Who's Who in Artificial Intelligence?

The increasing sophistication of digital marketing and advertising has transformed how enterprises connect with consumers and ultimately improved how products are sold. 

Artificial intelligence, for example, now provides marketers and advertisers with an unmatched opportunity to leverage existing database marketing concepts, connecting them with AI concepts and models such as machine learning, to accomplish this. What's unique about AI in the advertising/marketing space is the introduction of the "reasoning" element, which leverages performance by a computer and an algorithm instead of a human.

AI-based marketing provides a set of tools and techniques that play well into behavioral targeting - one of the hottest digital trends of the past decade. "Behavioral" is essentially based on a technology cycle of perception, reason, and action similar to what occurs in cognitive science. In the context of marketing, it comes in the form of collect, reason and act. Let's take a closer look. 

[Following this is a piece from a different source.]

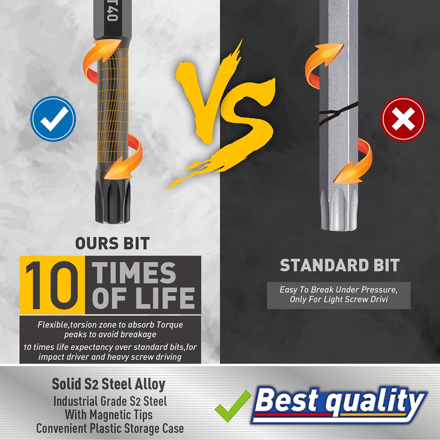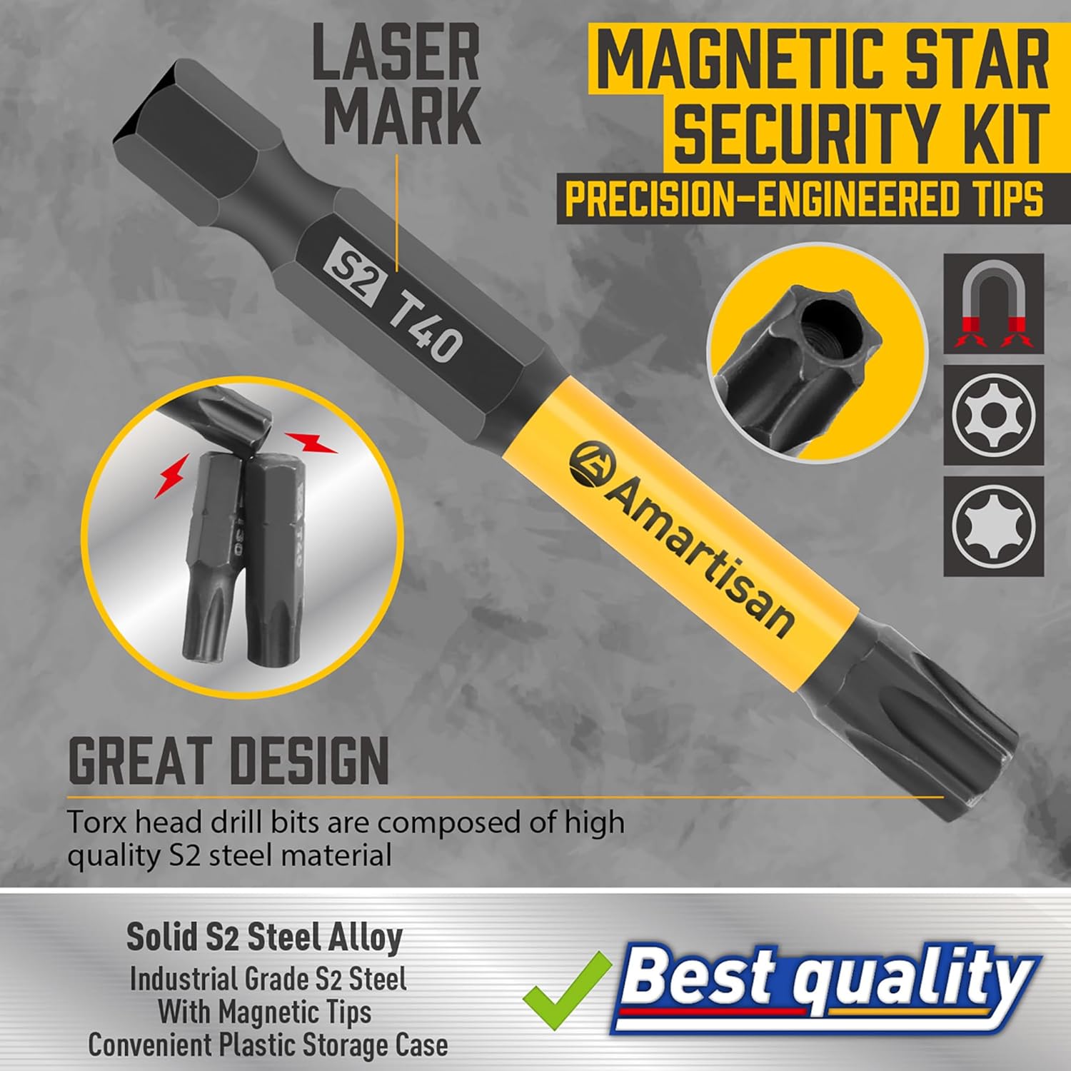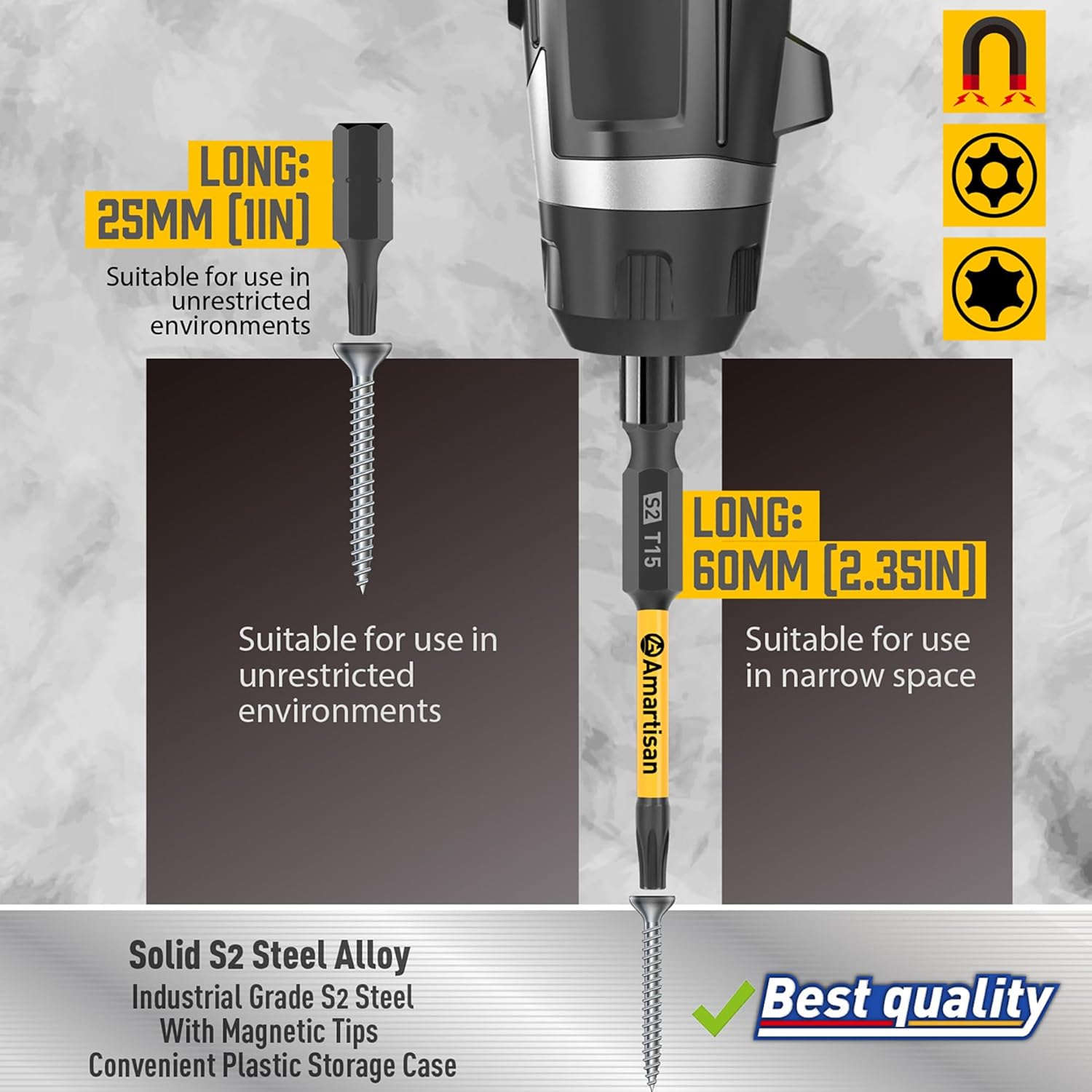 Amartisan Torx Bit Set, 24-Piece S2 Steel, 1" & 2.3" Long T5 - T40, Security, Tamper Resistant Fastener Drive Bit

In the collection phase, the aim is to capture any and all activities which provide some data on the customer or prospect. This can be gathered both online and offline, and then saved into a database. Within the reasoning phase is where the collected data is transformed into information and eventually, when done right, intelligence and insight. This is really the core of what AI/artificial intelligence is and taps into the real power of machine learning. Finally, the act phase fully leverages the information/intelligence gathered, and assists marketers in their pursuit of influence over a prospect or customer's purchase decision, often using some incentive driven message. AI has a significant role in the action phase of course. Essentially what these systems provide is an opportunity to take advantage of computer algorithms ability to learn and it has been a powerful driver in generating more effective behavioral targeting.

The core of machine learning deals with representation and generalization. Representation of data instances and functions evaluated on these instances are part of all machine learning systems. Generalization is the property that the system will perform well on unseen data instances; the conditions under which this can be guaranteed are a key object of study in the subfield of computational learning theory. Some machine learning systems attempt to eliminate the need for human intuition in data analysis, while others adopt a collaborative approach between human and machine. Human intuition cannot, however, be entirely eliminated, since the system's designer must specify how the data is to be represented and what mechanisms will be used to search for a characterization of the data.

So what companies are leading the way in artificial intelligence in the digital marketing and advertising space? Most companies are now expert at collecting information, but only those with machine learning algorithms in place are those that can be designated as providing some AI capabilities.  RocketFuel, for example, has made big waves in the digital advertising industry but there are many other programmatic advertising exchanges that taking advantage of machine learning to provide the intelligence required to intelligently recommend information to users and provide an optimal experience - one based on previous behaviors and current trends.